7. The optical soil surveying device according to claims 1 to 6 wherein the excavation unit is a subsoiler comprising a chisel and a shank.

8. The optical soil surveying device according to claims 1 to 4 wherein the sensing unit has the same width or is narrower than the excavation unit.

9. The optical soil surveying device according to claims 1 to 5 wherein the width of the sensing unit is half or less than half of the width of the excavation unit.

10. The optical soil surveying device according to any of the claims 1 to 9 wherein the means to illuminate said soil surface comprises one or more lenses connected to an optical fibre which can guide the light from a light source to the sensing unit.

11. The optical soil surveying device according to any of the claims 1 to 10 wherein the means Io capture the light reflected from said soil surface comprises one or more lenses connected to an optical fibre which can guide the reflected light from the sensing unit to the detector of a spectrophotometer.

12. The optical soil surveying device according to any of the claims 10 to 11 wherein said lenses are accumulation lenses.

13. The optical soil surveying device according to any of the claims 1 to 12 wherein the sensing unit is mounted into a casing said casing being attached to the rear part of the excavation device.

14. A sensing unit housing, which comprises means to mount the sensing unit to the rear part of the excavation unit or to a casing attached to the rear part of the excavation unit, said sensing unit housing comprising two openings wherein the illumination and reflectance capturing means can be mounted, said openings connecting above a void, which connects to an opening in the lower rear part of said sensing unit housing whereby at least part of the lower frontal part of the housing is sharpened to facilitate the penetration of the soil.

15. The sensing unit housing according to claim 14 wherein the part of the frontal part of the sensing unit housing that is submerged in the soil is sharpened.

16. The sensing unit housing according to claim 14 wherein the entire frontal part of the sensing housing is sharpened.

17. The sensing unit housing according to claims 14 to 16 wherein the sensing unit housing comprises a U-shaped extension, surrounding the said void below the openings wherein the illumination and reflectance capturing means can be mounted.

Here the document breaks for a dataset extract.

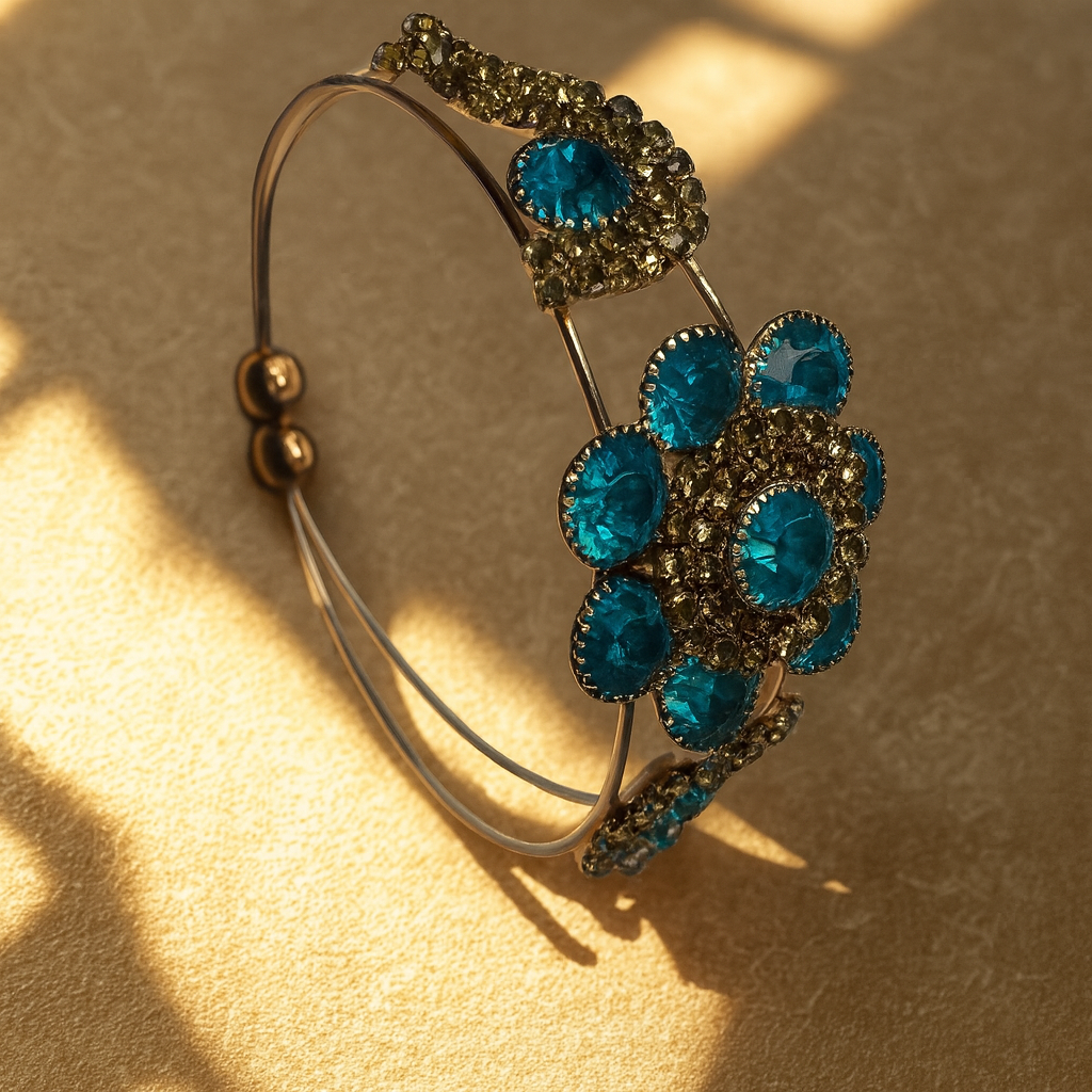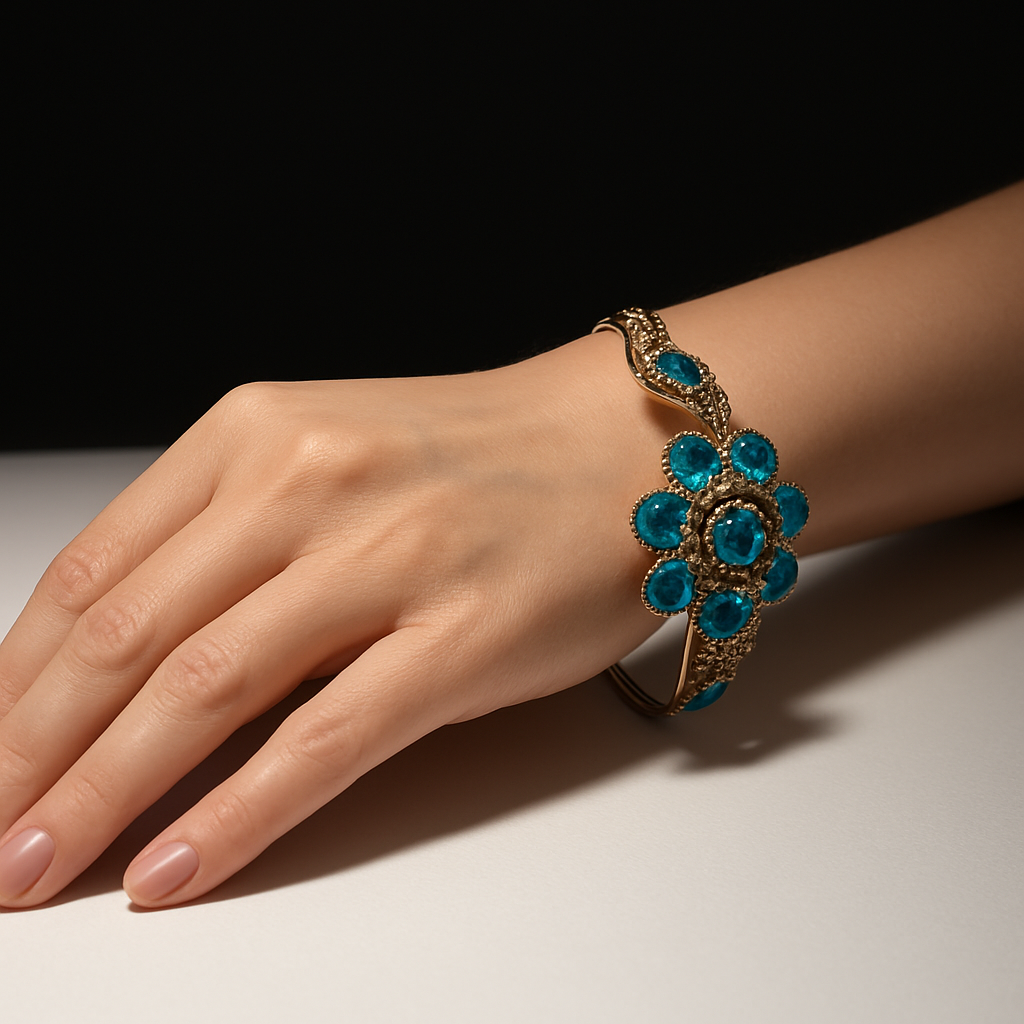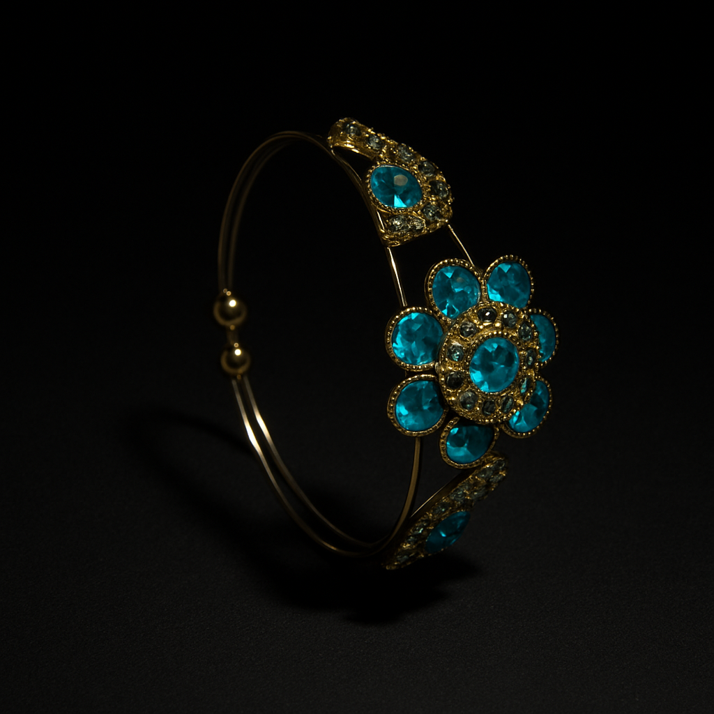 Inspired by nature’s radiant elegance, the Azure Blossom Bracelet captures the essence of sophistication and charm. Crafted with shimmering turquoise-blue stones set in a floral design, this piece reflects a perfect balance of artistry and grace.

18. The sensing unit housing according to any of the claims 14 to 17 wherein at least part of the sensing unit housing is made in an abrasive resistant material, such as abrasive resistant steel.

19. The sensing unit housing according to any of the claims 14 to 18 wherein an abrasive resistant coating is applied on at least part of the sensing unit housing.

20. A sensing unit for optical soil surveying comprising a sensing unit housing according to any of the claims 14 to 19.

21. An optical soil surveying device comprising a sensing unit according to claim 20.

22. A mobile soil survey system comprising a vehicle, a spectrophotometer and the optical soil survey device of any of the claims 1 to 13 or of claim 21 wherein said soil survey device is mounted on the vehicle such that the sensing unit can be dragged through the soil at a desired depth.

23. A mobile soil survey system according to claims 22 wherein said system comprises means to determine the geographical position of the system and means to relate such geographical information to the data of the survey.